Tiffoso da Juventus e do Palermo, Mattia Schillaci surge na base de dados do zerozero através da alcunha, Spillo. A tradução à letra leva-nos a «alfinete», palavra outrora aplicada a outro goleador, Alessandro Altobelli.
«Em Itália, Spillo significa ‘homem baixo’», brinca, envolvido por um cenário de futebol, o enquadramento onde mais à vontade se sente.
Pergunta obrigatória: como é que os colegas ficaram a saber que Spillo é Schillaci, filho do eterno Totò?
«Com as redes sociais é difícil haver privacidade», ri-se Mattia. «O Sérgio [Oliveira] foi dos primeiros a saber. Eu não gosto de dizer quem sou, prefiro que a notícia se espalhe naturalmente.»
Futebol, indústria mecânica, medicina dentária. O percurso de Mattia Schillaci é raro, mas determinado. Em junho de 2024, passará a ser o dr. Schillaci, outra influência familiar.
«Temos uma clínica de medicina dentária em Palermo. A minha namorada também trabalha na área. Eu trabalhava antes na indústria mecânica e foi um desafio grande trocar de vida», assume Mattia, no tradicional gesticular dos italianos.
No futuro, Mattia tem «muitas opções» e tanto pode voltar a Palermo, como mudar-se para Milão ou continuar no Porto.

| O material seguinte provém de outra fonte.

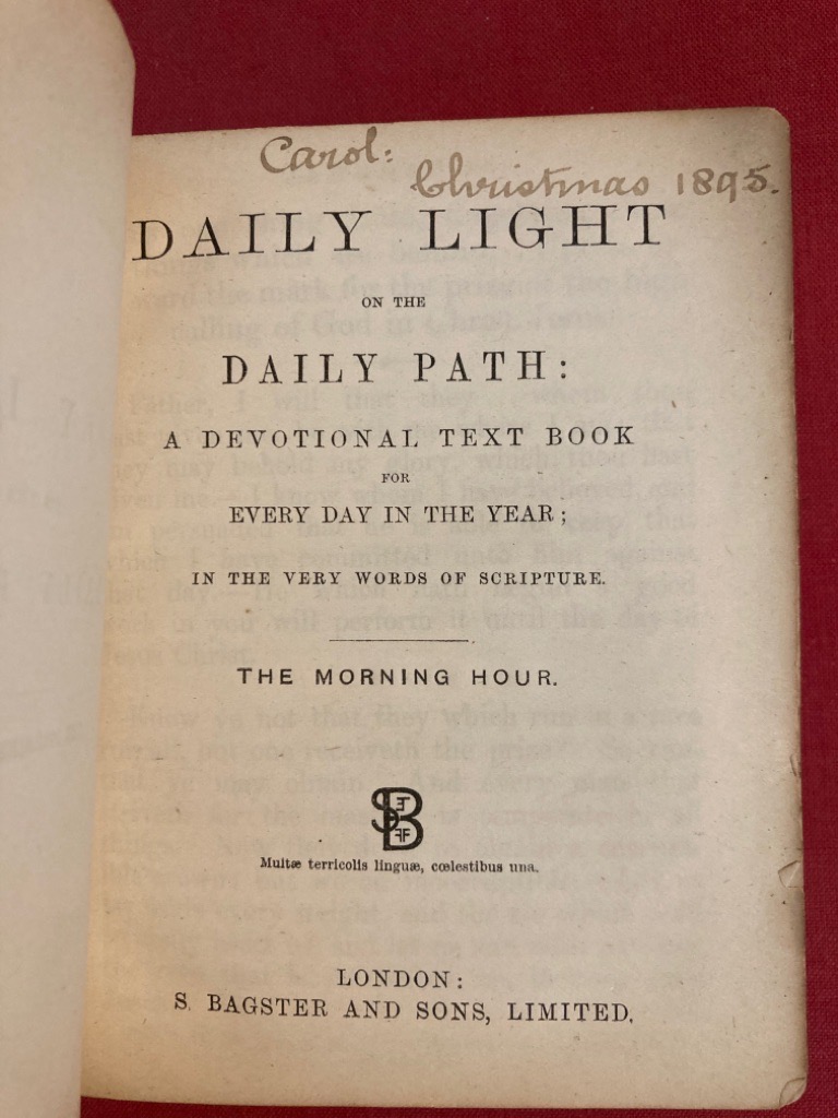 Description: a stout little volume (10 x 13 cm), not paginated, black full leather, all edges gilt, well preserved, some items inserted, gift inscription dated Christmas 1895, very good

Por agora, quer aproveitar o curso, o futebol no santa Catarina e as visitas dos familiares mais próximos.
«A minha mãe já cá veio visitar-me e agora tenho a minha avó de 85 anos comigo. Vai ficar até ao Natal, é uma cozinheira maravilhosa. Estou a fazer um trabalho com ela na clínica», confidencia ao zerozero, antes de se despedir.
E o pai, Salvatore, quando estará no Porto para abraçar o filho e, talvez, Rui Barros, antigo companheiro de equipa na Juventus?
«Ele estará cá no final do ano, tem de vir visitar-nos. Sei que gosta muito de Portugal. No meu segundo ano ele tinha viagem marcada, mas a covid interrompeu tudo. Depois teve alguns problemas de saúde e a viagem tem sido adiada. Falei com o Rui por mensagem e temos de marcar encontro para conhecer-nos. Quando o meu pai estiver cá, de certeza que vamos jantar fora.»
O conto dos Schillaci, do Itália-90 à cidade do Porto, 33 anos depois. Improvável e belo.